3 Die Alteingesessenen: Seit gut 40 Jahren betreibt Sonja Bohn mit ihrem Mann Georg ein Geschäft, das heute einen Schwerpunkt auf Kosmetik und Parfümerie setzt. Sie haben es von Sonja Bohns Schwiegereltern übernommen. Früher war ihr Geschäft eine klassische Drogerie. Die Konkurrenz durch Supermärkte, nicht zuletzt auf dem Barl, machte es nötig, das Sortiment zu verändern. „Viele Leute fahren auf den Barl und kriegen alles da oben. Die kommen nicht noch mal nach Zell rein“, sagt Sonja Bohn. „Gott sei Dank habe ich viele Stammkunden.“ Und zwei „super Angestellte“. Das Internet habe ihr Geschäft ebenfalls verändert. „Oft kommen Kunden herein, riechen an etwas und bestellen es dann woanders.“ In den Frühjahrs- und Sommermonaten lebt Zell auch vom Tourismus. „Ich hätte gern noch ein bisschen mehr Tourismus“, sagt Bohn. Für sie hat ihr Laden immer zum Leben gehört. Aber die 60-Jährige glaubt nicht, dass es sich heute noch jemand antäte, eine Parfümerie in Zell zu betreiben. Warum? Jeden Tag im Geschäft stehen, auch samstags. Da sind 50 Wochenarbeitsstunden schnell zusammen – ohne Bürokram.

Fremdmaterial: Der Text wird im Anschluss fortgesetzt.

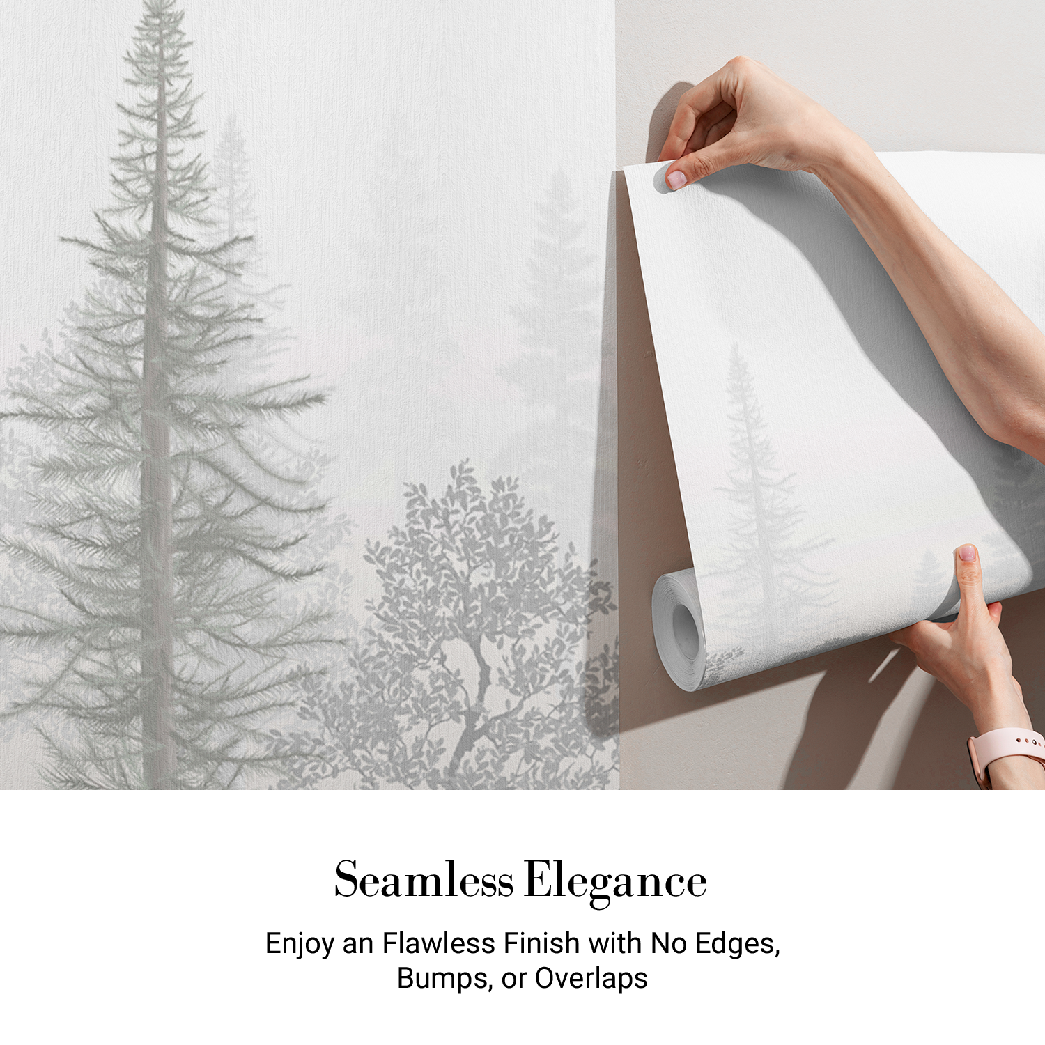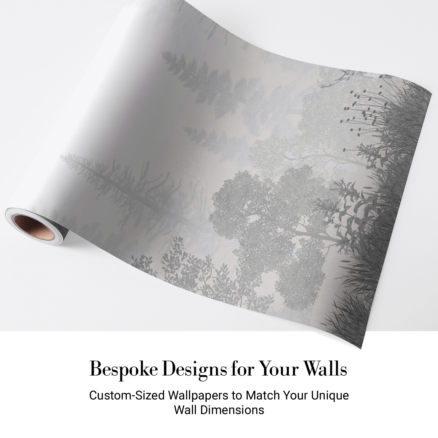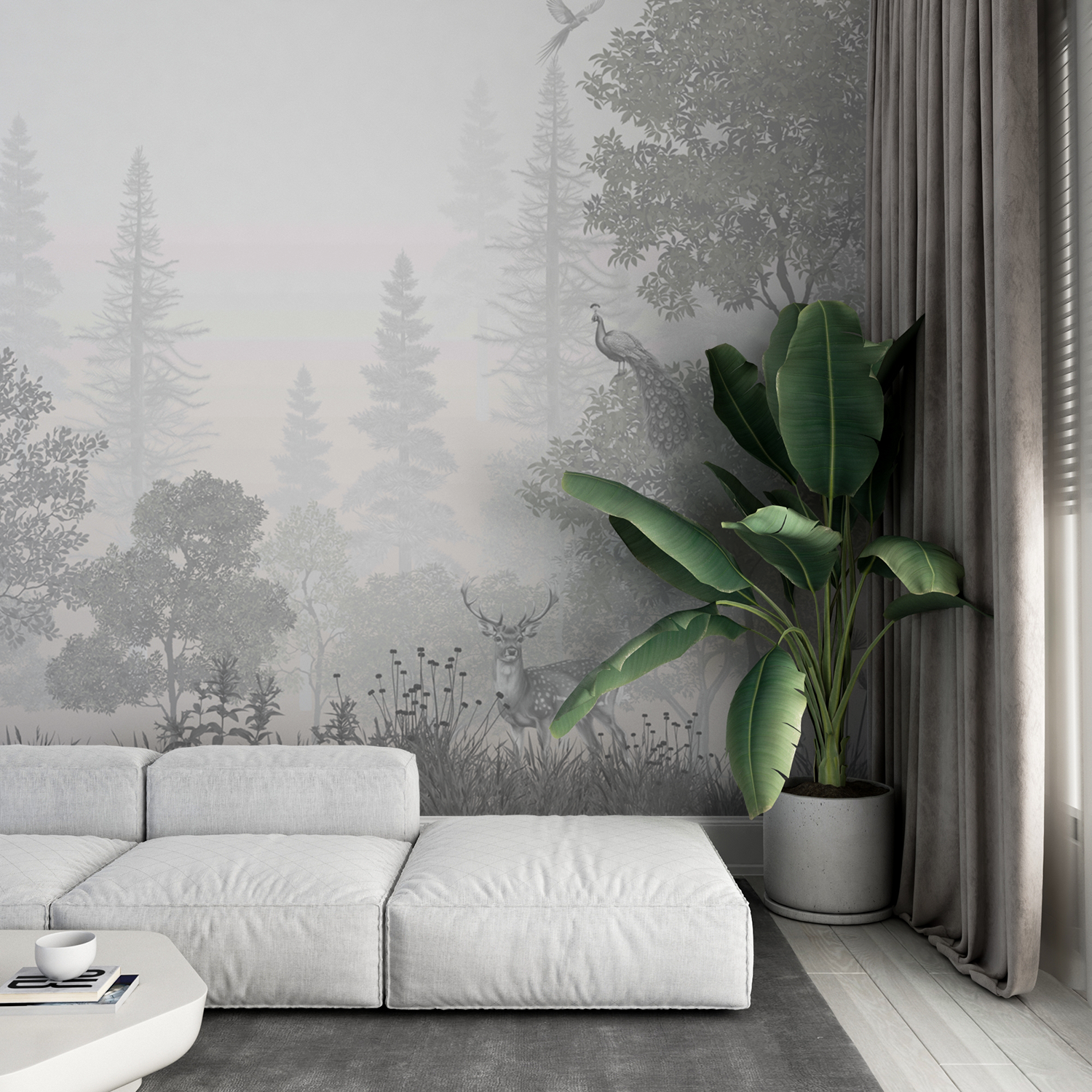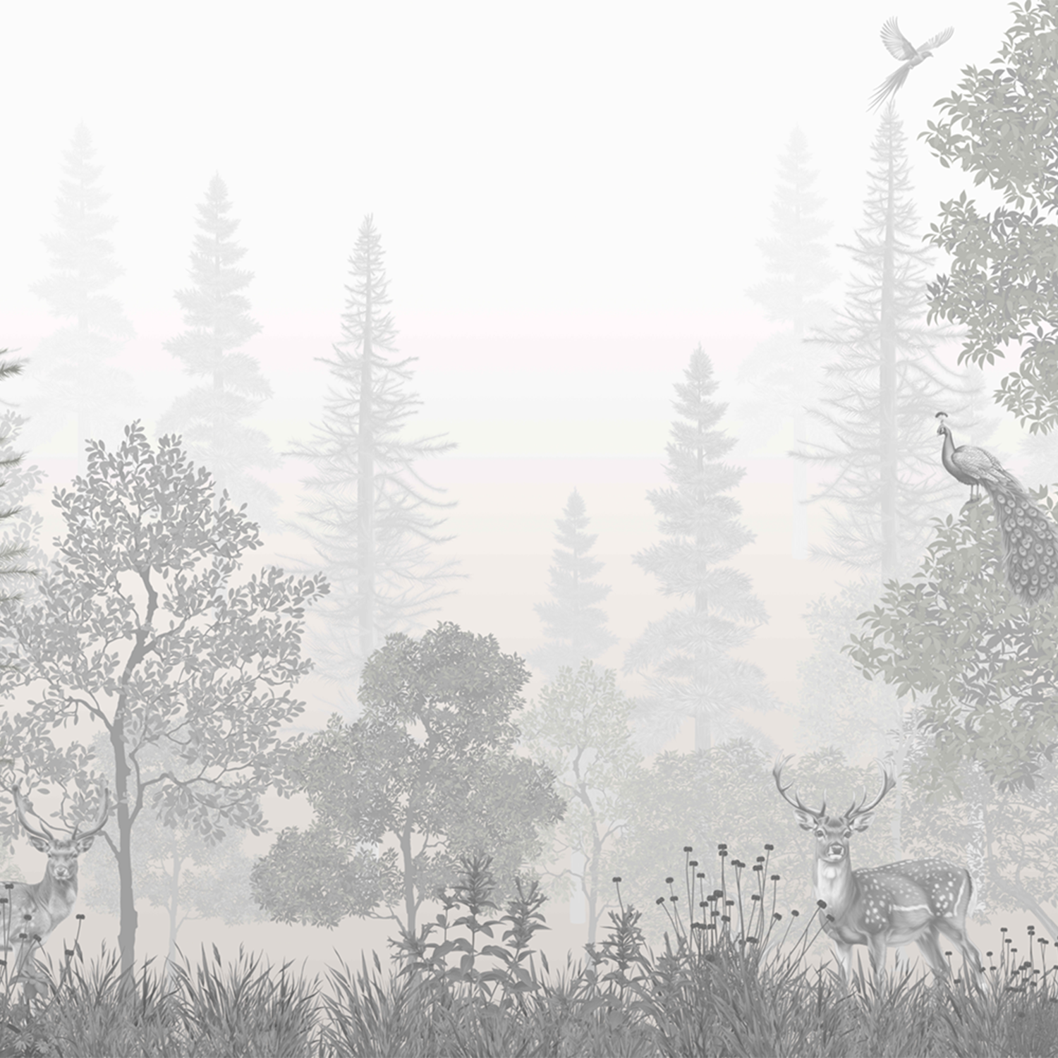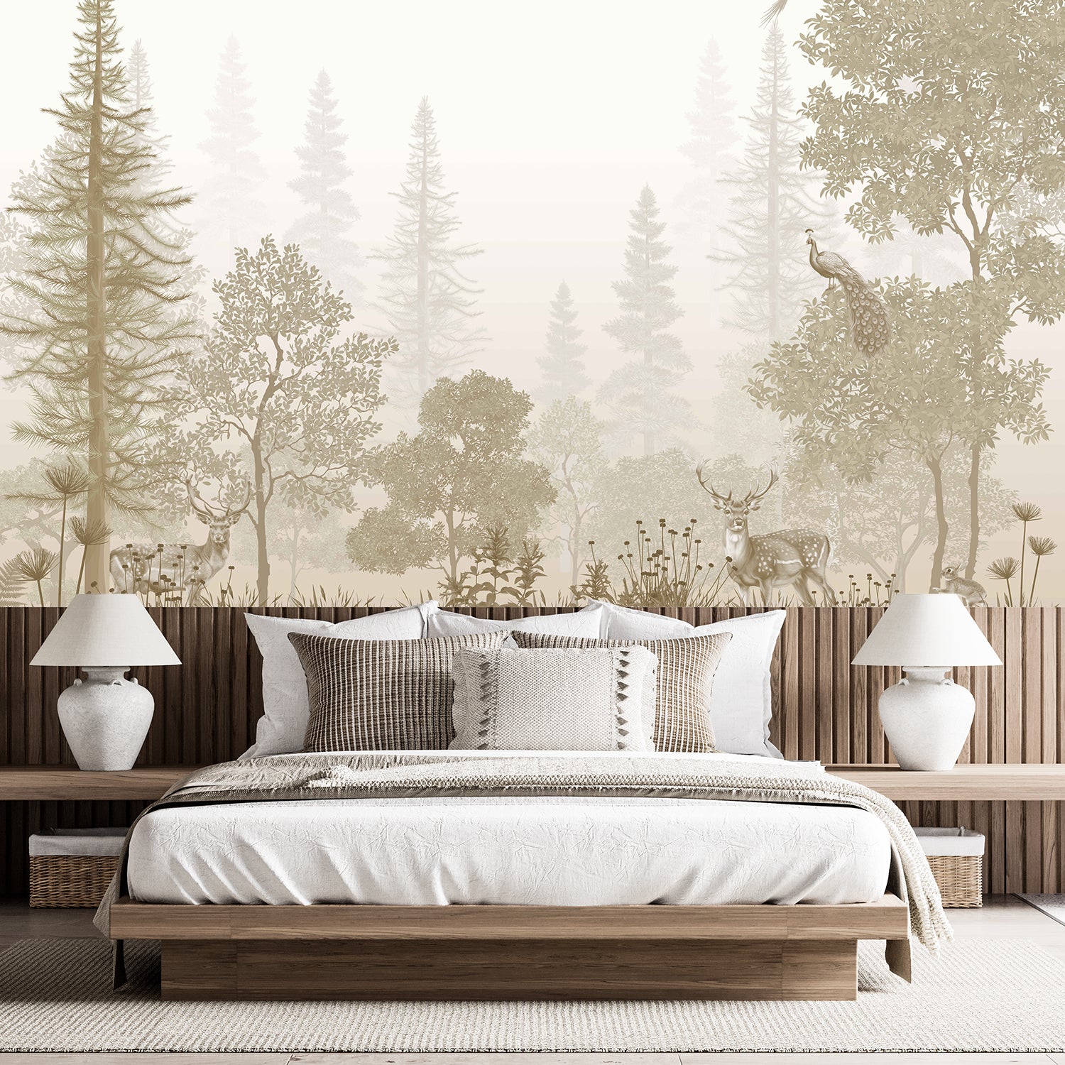 Immerse yourself in the soothing hues of a misty forest with this tranquil wallpaper. Gentle tones of earthy browns and soft greens depict a peaceful woodland scene, complete with elegant deer and a majestic peacock. This nature-inspired design is perfect for creating a calming and meditative retreat in your home.
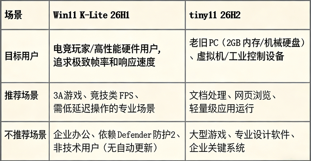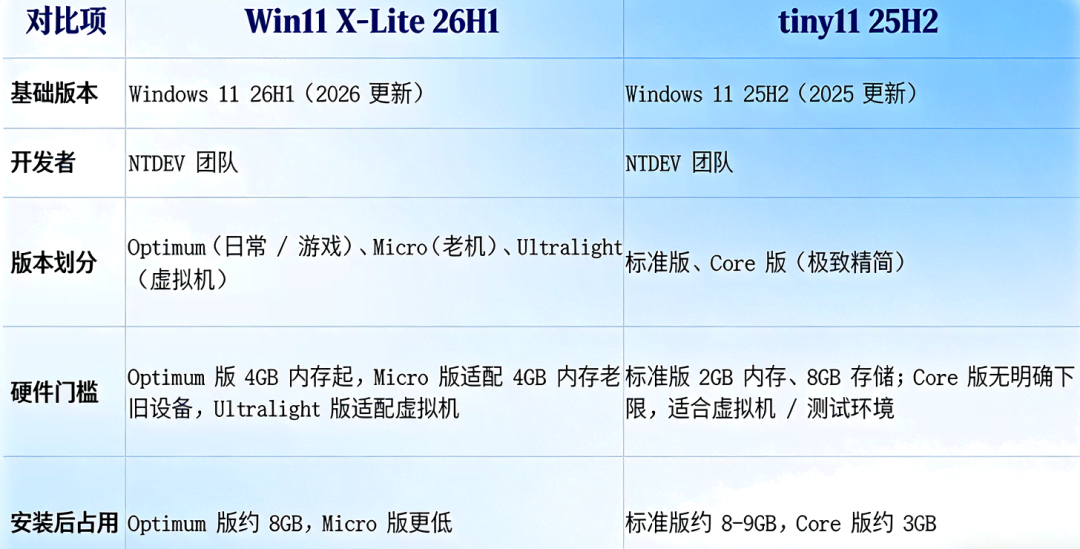 Win11 X-Lite 26H1 与Tiny11 25H2精简版系统谁好用?在如今的数码圈,“轻量化”早已成为众多用户的核心诉求。无论是希望老电脑重获新生的普通用户,还是追求极致游戏性能的硬核玩家,都对原版Windows系统中冗余的预装组件、后台进程感到困扰,而第三方精简版系统的出现,恰好精准击中了这一痛点。近期,Win11 X-Lite 26H1 与 Tiny11 25H2 两款第三方精简版Windows系统更是强势出圈,成为大家热议的焦点——前者以游戏性能优化为核心卖点,宣称能大幅提升帧率、缩短启动时间;后者则凭借亲民的硬件门槛和接近原版的稳定性,收获了大批老设备用户的青睐。 随着两款系统的下载量持续攀升,关于它们的讨论也愈发激烈:有人说Win11 X-Lite 26H1的极致精简让游戏体验翻倍,也有人认为Tiny11 25H2的兼容性更适合日常使用;有人纠结于两者的安全风险差异,也有人关心不同配置设备下的适配表现。那么,这两款火爆的精简版系统到底哪个更值得选?它们在系统占用、性能表现、兼容性、安全性等关键维度上又有怎样的差异?今天,我们就带着这些疑问,为大家带来两者的详细对比,帮你根据自身需求做出最合适的选择。 ![]() Win11 X-Lite 26H1 与 Tiny11 25H2介绍 1、Win11 X-Lite 26H1介绍: Windows X-Lite 是由 NTDEV 团队开发的第三方定制精简版 Windows 系统,主打低资源占用、游戏性能优化与老旧设备适配,基于 Windows 10/11 官方核心深度精简,非微软官方发行Windows X-Lite。 Windows X-Lite团队发布基于Windows 11 26H1的轻量化定制系统,删减非必要组件并优化设置,显著降低内存与磁盘占用。Optimum版面向日常场景,兼顾性能与兼容;Micro及Ultralight版进一步精简服务,仅保留核心,适配旧PC与虚拟机,但删减幅度大,不推荐主力使用。团队宣称镜像“100%安全干净”,因其属第三方修改,安装风险需用户自担。 版本化分: 1、Optimum版本(日常 / 兼容性): 保留核心功能与兼容性,仅精简冗余组件,既能满足3A游戏高性能需求,又能流畅应对办公、直播等日常场景,是兼顾实用与性能的“万金油”。 2、Micro(旧机): 进一步删减非必要系统服务,仅保留最核心的运行模块,适合4GB内存、512GB SSD的老旧设备,最大化释放硬件潜力,让五年前的旧PC重新焕发战斗力。 3、Ultralight( 虚拟机): 极致精简所有非必需功能,仅维持基础系统框架,资源占用最低,专为虚拟机测试、低配主机专用游戏场景设计,不建议作为日常主力系统。 https://windowsxlite.com/downloads/ 网盘分流下载:https://pan.baidu.com/s/1paFkoNAVampk2DHysQ_TCg?pwd=if2q 2、Tiny11 25H2介绍: Tiny11 25H2 是由开发者 NTDEV 基于 Windows 11 25H2 官方镜像打造的第三方精简系统,2025 年 10 月发布,核心优势是突破硬件限制、大幅精简冗余、支持本地账户,分标准版与 Core 版,适配 x64 和 ARM64 设备,适合老电脑与轻量场景。 熟悉 Tiny11 的都知道,这是基于原版 Win 11 精简定制的一个更轻量、纯情、更省心的系统,曾受到无数用户青睐。而 Tiny11 25H2 则基于最新原版 Win 11 25H2 镜像打造。它直接砍掉了大量动不动就跑后台、占用资源、我们可能一辈子都用不上的功能和组件、一堆预装 App 以及各种奇奇怪怪的服务。 版本化分: 1、标准版(标准版):老电脑日常使用、轻度办公、娱乐 约8-10GB,核心移除Copilot、新 Outlook、Teams、Edge、Xbox 等预装应用,禁用部分遥测,保留 Windows Update,可获取累积补丁,部分功能更新可能失败。 2、Core版(极限精简版):虚拟机、离线设备、测试环境,不建议主力机使用 约 3-5GB,在标准版基础上进一步移除 Windows Update、WinSxS、Windows Defender(默认禁用)、WinRE 等,完全无更新能力,不支持系统更新与恢复。 夸克网盘分流下载:https://pan.quark.cn/s/40b67b4a3ece 百度网盘分流下载:https://pan.baidu.com/s/1-nZ0gUEPv1l5YqqS8-9wDw?pwd=hbnf 提取码: hbnf Win11 X-Lite 26H1 VS Tiny11 25H2从多个角度终极对比 Win11 X-Lite 26H1 是基于 Win11 26H1 打造的游戏向精简系统,资源占用更低、游戏优化更强,有多个版本可选;tiny11 25H2 基于 Win11 25H2,主打轻量化与基础兼容性,更新与安全机制保留更完整,适合老设备日常使用。 1、核心基础信息: Win11 X-Lite 26H1:Win11 X-Lite 26H1是由NTDEV团队2026年更新,版本分为:Optimum、Micro、Ultralight三个版本。 Tiny11 25H2:是由NTDEV团队2025年更新,版本分为标准版和Core两个版本。 2、功能精简对比: Win11 X-Lite 26H1是以深度精简系统组件、彻底关闭后台服务为核心手段,专为游戏玩家及高性能场景设计的第三方优化系统,专为与所有应用程序和游戏配合使用而设计,适用于所有电脑。无论新旧、配置高低、台式机还是笔记本电脑。 绕过 TPM、安全启动、内存、CPU 和存储检查,绕过 Microsoft 在安装/设置过程中强制创建帐户。 Tiny11 25H2主要亮点就是精简,开发者将系统里的各种冗余软件删除提高系统的运行效率,并且不需要满足 Windows 11 硬件要求(绕过 TPM 强制要求)和微软账号,这对于老旧 PC 来说也是个福音。 Win11 X-Lite 26H1: •游戏优化:内置智能资源分配引擎,优先分配 CPU 算力给前台游戏,暂停后台服务;预装 DirectX 全版本、VC++ 等运行库,解决游戏组件缺失问题;优化内存压缩和 DirectStorage 解压效率,缩短关卡加载时间。 •精简内容:砍掉 Cortana、Microsoft Store、Windows Defender(可选保留),禁用遥测、广告推送等,后台进程仅 49-62 个,空闲内存占用低至 1.1GB。 •账户与部署:支持离线创建本地账户,跳过微软账号强制登录,全程无需联网,3 分钟完成部署。 Tiny11 25H2

Schon seit dem Jahr 1881 gibt es in Zell das Café Bauer, heute betrieben von Julia und Christian Bauer. Julia Bauer sagt: „Was früher durch die Bäckerei zu tragen war, funktioniert so nicht mehr.“ Also hat sich der Betrieb verändert. Sommers pachten Bauers die nahe gelegene Weinlounge von der Stadt und betreiben sie. „Wir arbeiten dafür mit 20 Winzern zusammen, die auf unserer Weinkarte stehen“, sagt sie. Bewusst mit so vielen. „Die Leute sollen sehen, was für tolle Weine wir hier in Zell haben.“
Sie und ihr Mann betreiben das Café nach wie vor mit Leidenschaft, doch nutzen auch die Weinlounge für Aktionen und Events. So etwas ist auch ein Schaufenster, um Menschen in die Altstadt zu locken, sie zu einem Bummel zu bewegen. Das gilt auch für verkaufsoffene Sonntage. Deshalb ärgert sich Christian Bauer über einen Vorstoß zur Abschaffung derselben, wie ihn die Gewerkschaft Verdi jüngst mancherorts unternahm. Er sagt: „Das ist ein Unding, dass eine Gewerkschaft an so etwas rührt.“ Generell freut sich Julia Bauer aber über die jüngere Entwicklung der Schwarze-Katz-Stadt. „Zell ist gerade im Wandel, es lebt wieder mehr.“ Nun muss man nur das Miteinander noch stärker pflegen und etwas mutiger nach außen tragen, was die Stadt zu bieten hat, findet sie. Auch unterhalb des Barls.